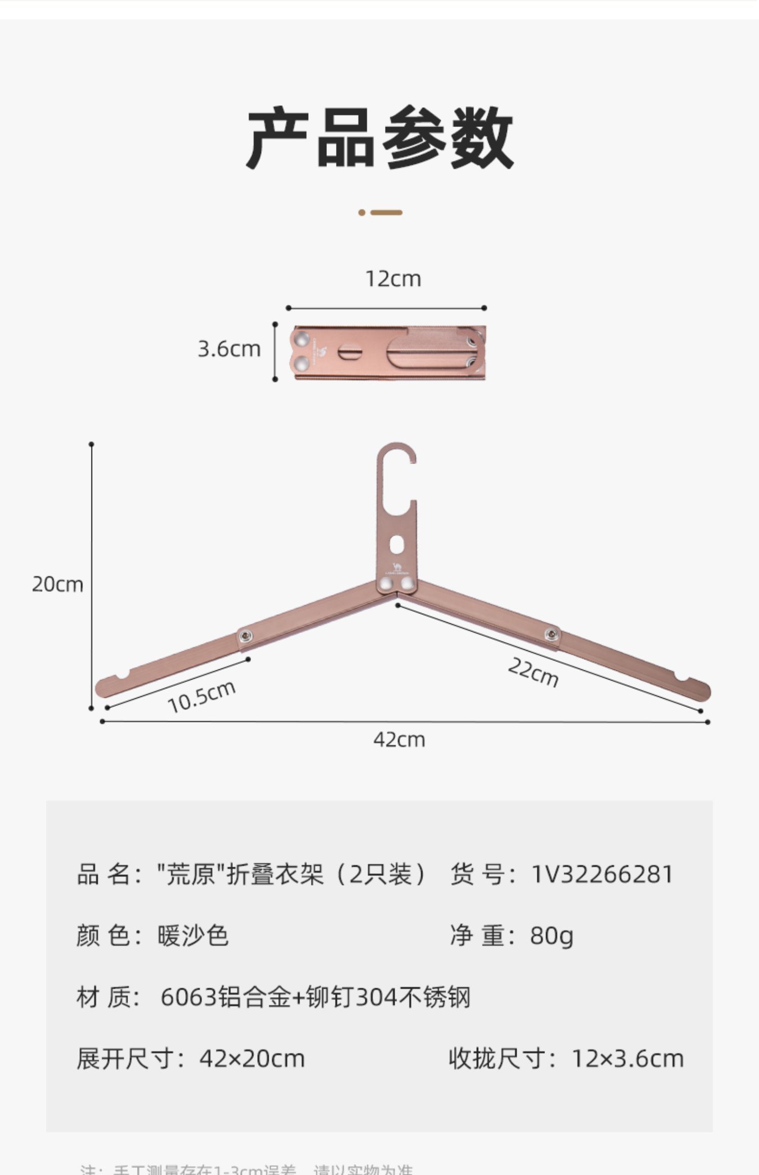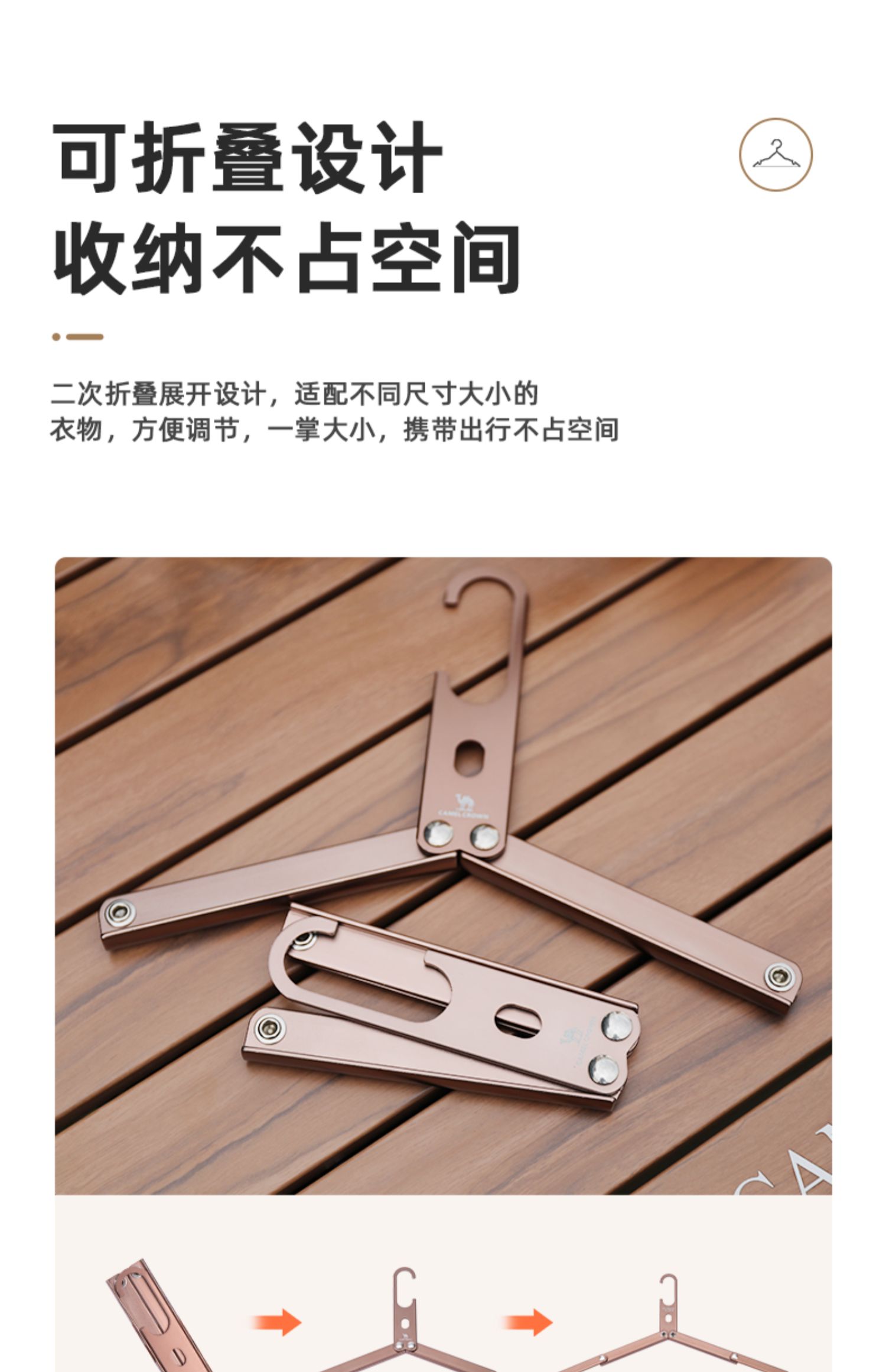 骆驼户外铝合金多功能折叠衣架旅行便携式晒衣挂架简易防滑挂扣 1V32266281
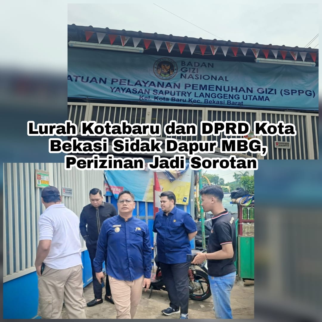 Eksposelensa.com – Kota Bekasi, 3 Oktober 2025 – Menyusul insiden dugaan keracunan yang dialami sejumlah siswa SDN Kotabaru 3 pada hari Kamis (2 Oktober 2025), Lurah Kotabaru, Agus H Mamun, S.Sos.i, N.Lp, bersama anggota DPRD Kota Bekasi melakukan inspeksi mendadak (sidak) ke dapur penyedia program Makan Bergizi Gratis (MBG) di Jl. Regency, Kotabaru, Bekasi Barat, kemarin. Sidak ini bertujuan untuk memastikan standar keamanan dan perizinan dapur MBG terpenuhi.
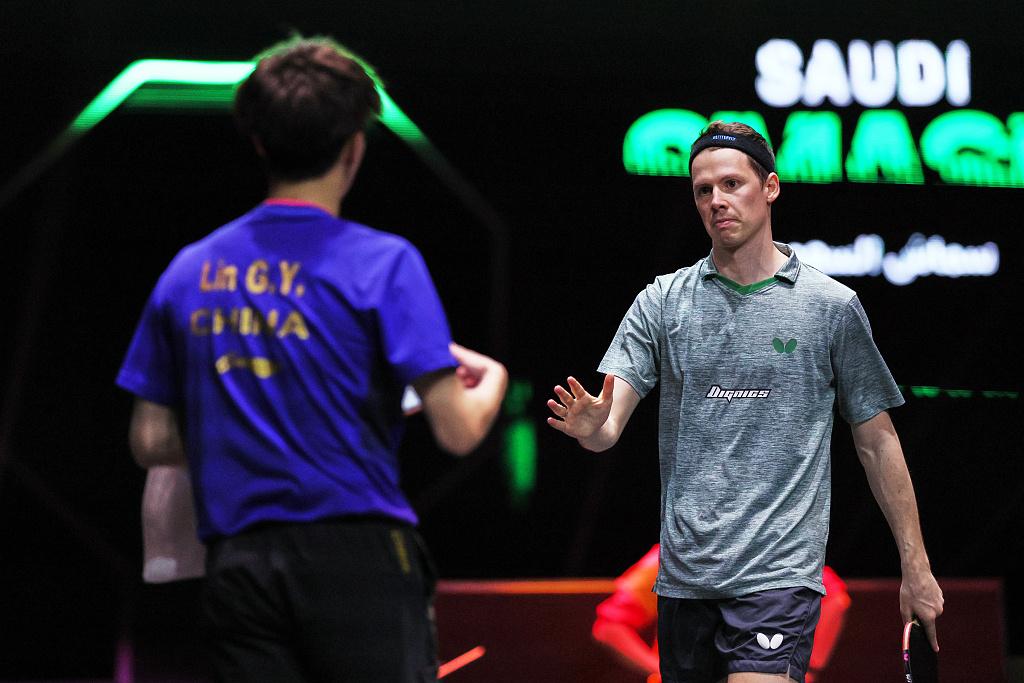 当地时间2024年5月6日,沙特吉达,WTT2024沙特大满贯赛男单1/16决赛,林高远1-3不敌约纳坦·格罗特。
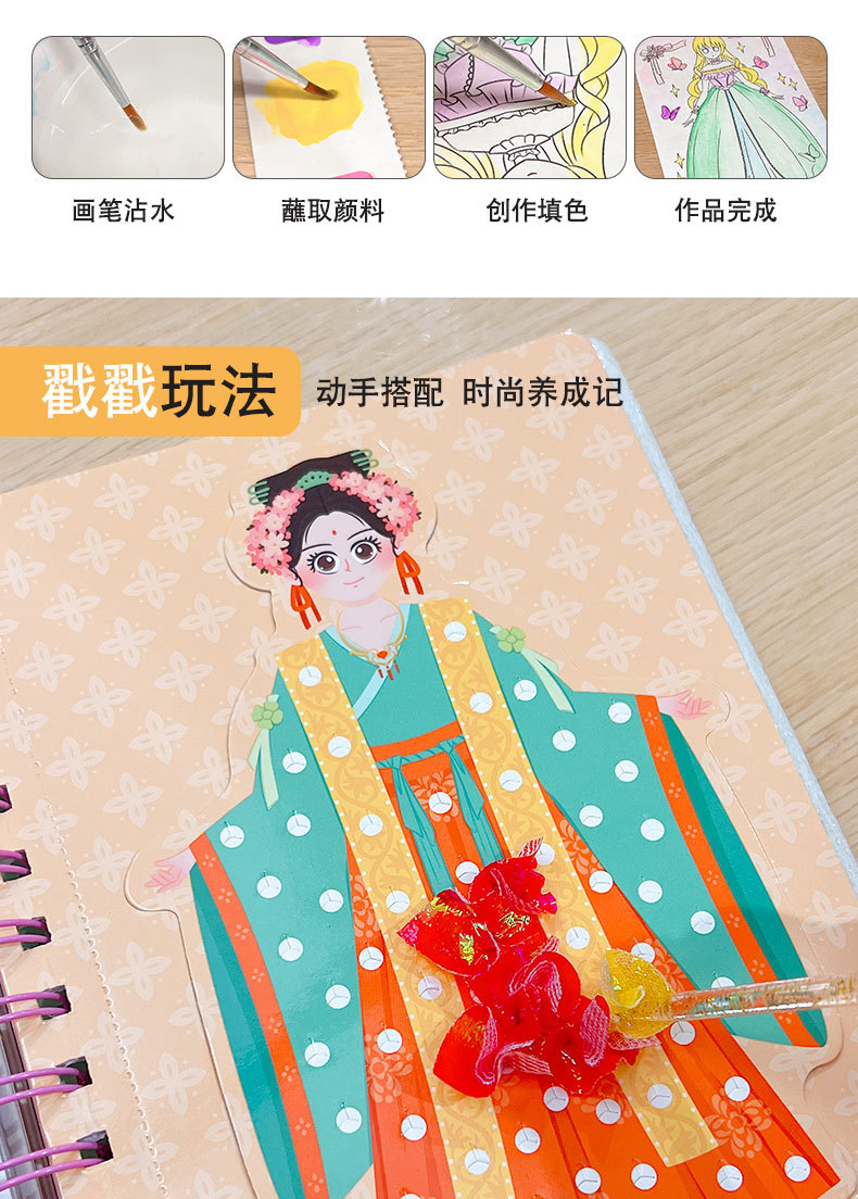 크로스 보더 3-in-one 수제 DIY 손으로 그린 스탬프 게임 어린이의 다양한 원피스 업 소녀의 그림 종이 장난감스토어 가기

Description of the task - Could you set down the data exactly as given, minus its pictures?

The answer -
 骆驼户外铝合金多功能折叠衣架旅行便携式晒衣挂架简易防滑挂扣 1V32266281
 Eksposelensa.com – Kota Bekasi, 3 Oktober 2025 – Menyusul insiden dugaan keracunan yang dialami sejumlah siswa SDN Kotabaru 3 pada hari Kamis (2 Oktober 2025), Lurah Kotabaru, Agus H Mamun, S.Sos.i, N.Lp, bersama anggota DPRD Kota Bekasi melakukan inspeksi mendadak (sidak) ke dapur penyedia program Makan Bergizi Gratis (MBG) di Jl. Regency, Kotabaru, Bekasi Barat, kemarin. Sidak ini bertujuan untuk memastikan standar keamanan dan perizinan dapur MBG terpenuhi.
 当地时间2024年5月6日,沙特吉达,WTT2024沙特大满贯赛男单1/16决赛,林高远1-3不敌约纳坦·格罗特。
 크로스 보더 3-in-one 수제 DIY 손으로 그린 스탬프 게임 어린이의 다양한 원피스 업 소녀의 그림 종이 장난감스토어 가기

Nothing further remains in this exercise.